All of the data is to be written out again exactly, without the pictures.

**Exercise data**
==================================================
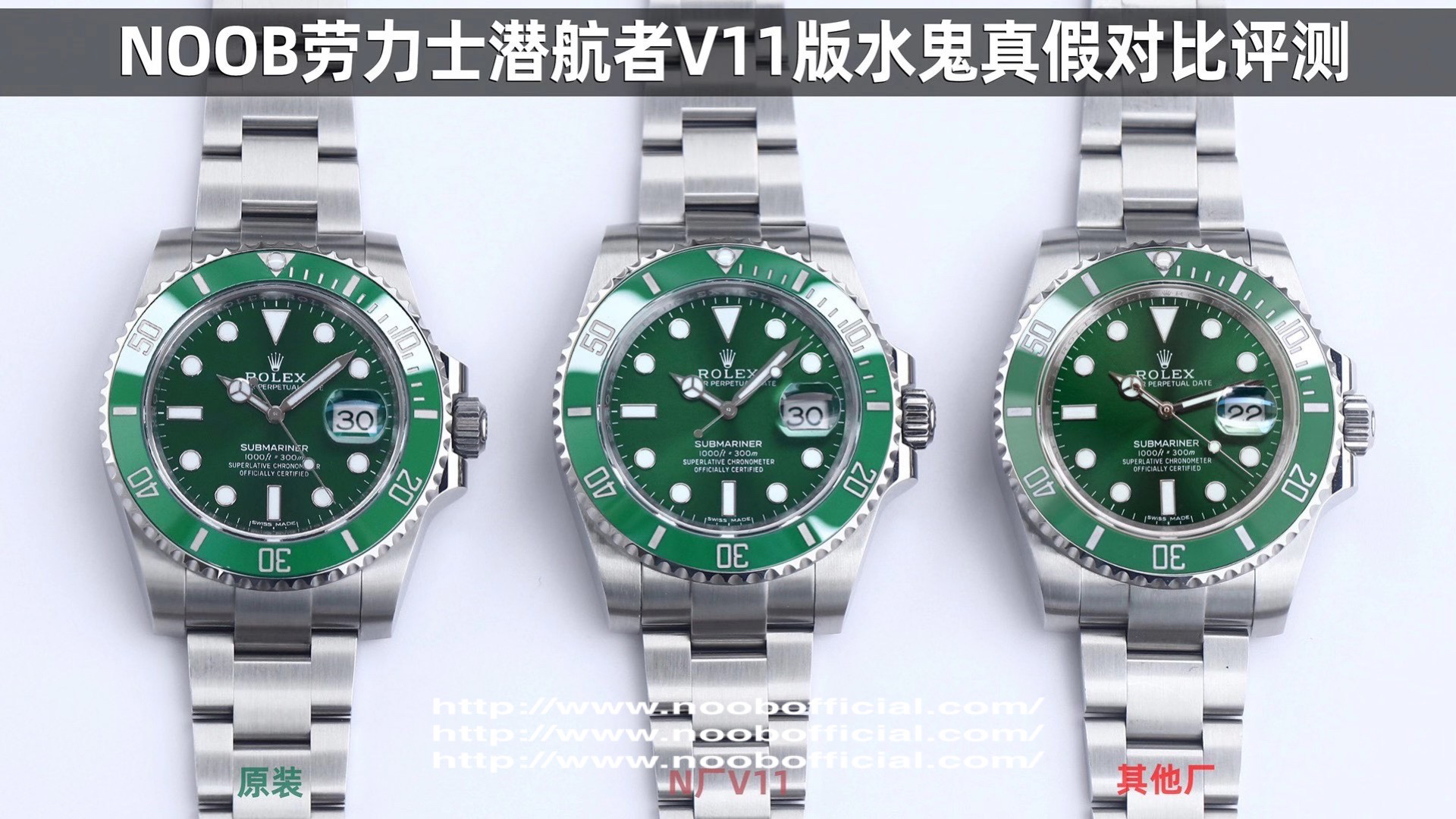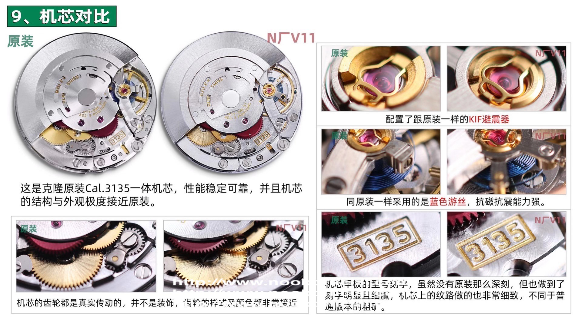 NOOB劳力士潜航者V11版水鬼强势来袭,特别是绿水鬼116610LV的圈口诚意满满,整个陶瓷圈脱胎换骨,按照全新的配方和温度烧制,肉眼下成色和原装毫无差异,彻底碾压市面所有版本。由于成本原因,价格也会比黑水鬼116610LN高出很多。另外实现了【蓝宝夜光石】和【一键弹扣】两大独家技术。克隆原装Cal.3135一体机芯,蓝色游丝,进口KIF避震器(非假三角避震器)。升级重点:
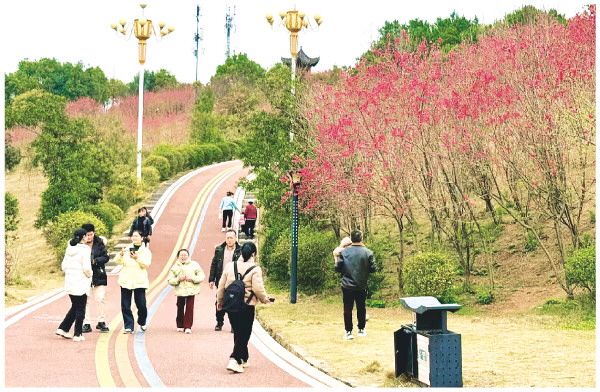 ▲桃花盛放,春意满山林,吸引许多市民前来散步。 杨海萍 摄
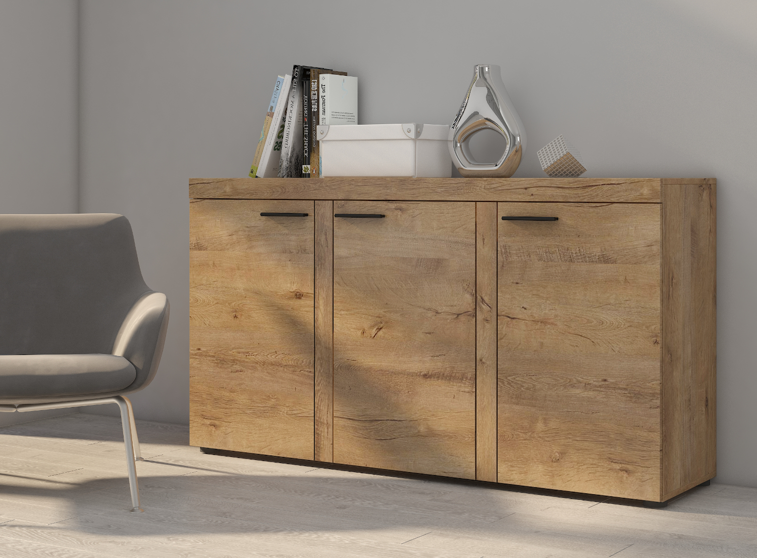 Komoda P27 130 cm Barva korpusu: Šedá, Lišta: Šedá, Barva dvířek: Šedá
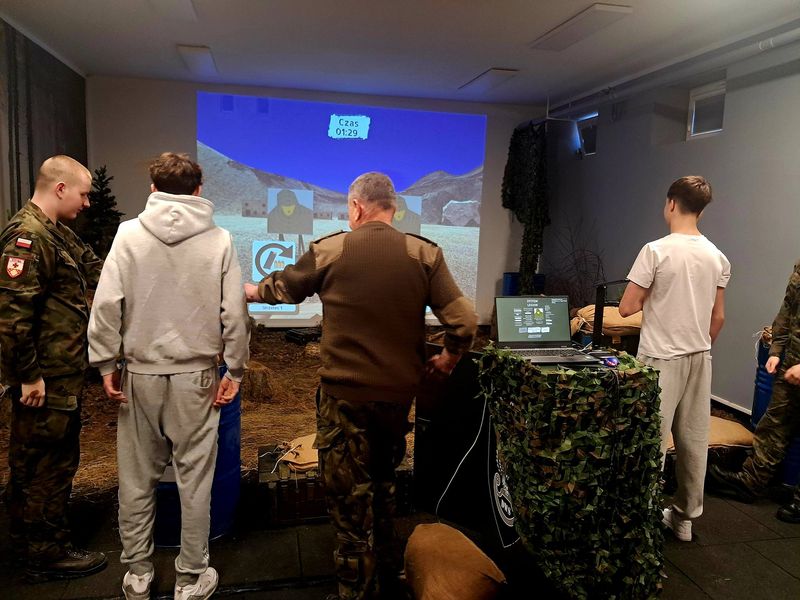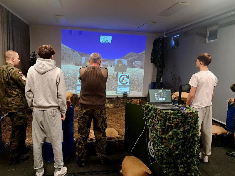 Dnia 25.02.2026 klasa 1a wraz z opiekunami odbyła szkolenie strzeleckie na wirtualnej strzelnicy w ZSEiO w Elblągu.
==================================================
**Expected output**
 NOOB劳力士潜航者V11版水鬼强势来袭,特别是绿水鬼116610LV的圈口诚意满满,整个陶瓷圈脱胎换骨,按照全新的配方和温度烧制,肉眼下成色和原装毫无差异,彻底碾压市面所有版本。由于成本原因,价格也会比黑水鬼116610LN高出很多。另外实现了【蓝宝夜光石】和【一键弹扣】两大独家技术。克隆原装Cal.3135一体机芯,蓝色游丝,进口KIF避震器(非假三角避震器)。升级重点:
 ▲桃花盛放,春意满山林,吸引许多市民前来散步。 杨海萍 摄
 Komoda P27 130 cm Barva korpusu: Šedá, Lišta: Šedá, Barva dvířek: Šedá
 Dnia 25.02.2026 klasa 1a wraz z opiekunami odbyła szkolenie strzeleckie na wirtualnej strzelnicy w ZSEiO w Elblągu.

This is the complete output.